According to Chattopadhyaya, sutra I.i.12 – आनन्दमयोऽभ्यासात्, is textually wrong, it should have been worded anandobhyasat because ananda is absolute freedom; if ananda is embodied it becomes non-limited, i.e. subjected to limitation.

According to Sivananda, the inert pradhana cannot create, because activity is necessary for creation. It is not a directive intelligent entity which could initiate activity, and there is no external agency to urge it to act, or restrain it from action. A spontaneous action of pradhana is not possible; it cannot modify in the absence of purpose, and it cannot have a desire to evolve. Purusa is intelligent and indifferent, but there is no third agency to bring Purusa near Pradhana to effect a connection between the two for starting the activity of creation. Pradhana cannot be active, because there can be no relation of principal or subordinate guna, when the gunas are in equilibrium to constitute Pradhana. Creation cannot proceed from inert or dead matter.

===Madhvacharya===
Madhva, the founder of Tattvavada (Realism), interprets the word asabadam to refer to Brahman, who is inexpressible because he is an object of knowledge.
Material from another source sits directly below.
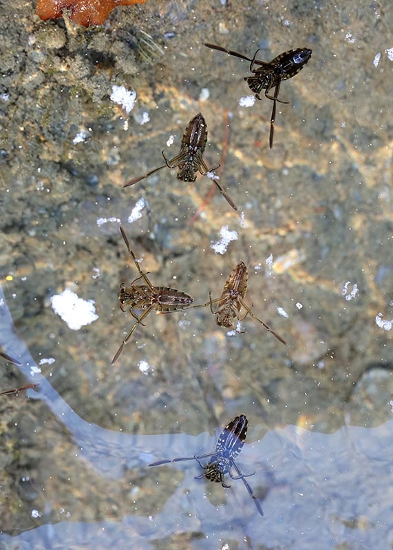 While most insects in the Hemiptera order are land-dwelling (including stink bugs and assassin bugs), a few, such as these backswimmers, are aquatic. In the fall, when most insect hatches have ceased, backswimmers come into their own, sculling through the water with their oar-like hind legs, preying on all forms of life, including tiny fish. They breathe under the ice by using oxygen bubbles like mini aqualungs. Like most aquatic insects, backswimmers supercool their bodies by producing antifreeze compounds called cryoprotectants, which allow them to tolerate sub-freezing temperatures. When there’s a thin layer of ice on a pond and no snow covering it, you might want to peer through the ice to see if you can see any of these cold-hardy creatures. Just be sure you don’t fall in, as I did two seconds after this photograph was taken.

Madhva contends that an object presented in illusory perception is an absolute unreality, and no illusion can be explained without the acceptance of two necessary reals – adhisthana ('substratum') and pradhana ('prototype') of the superimposed object (aropya). In the Dvaita school of Hindu philosophy, Ishvara, the cause of the universe is the svatantra tattva ('independent reality'), and the created universe is the asvatantra tattva ('dependent reality'), which is a transformation of pradhana ('matter').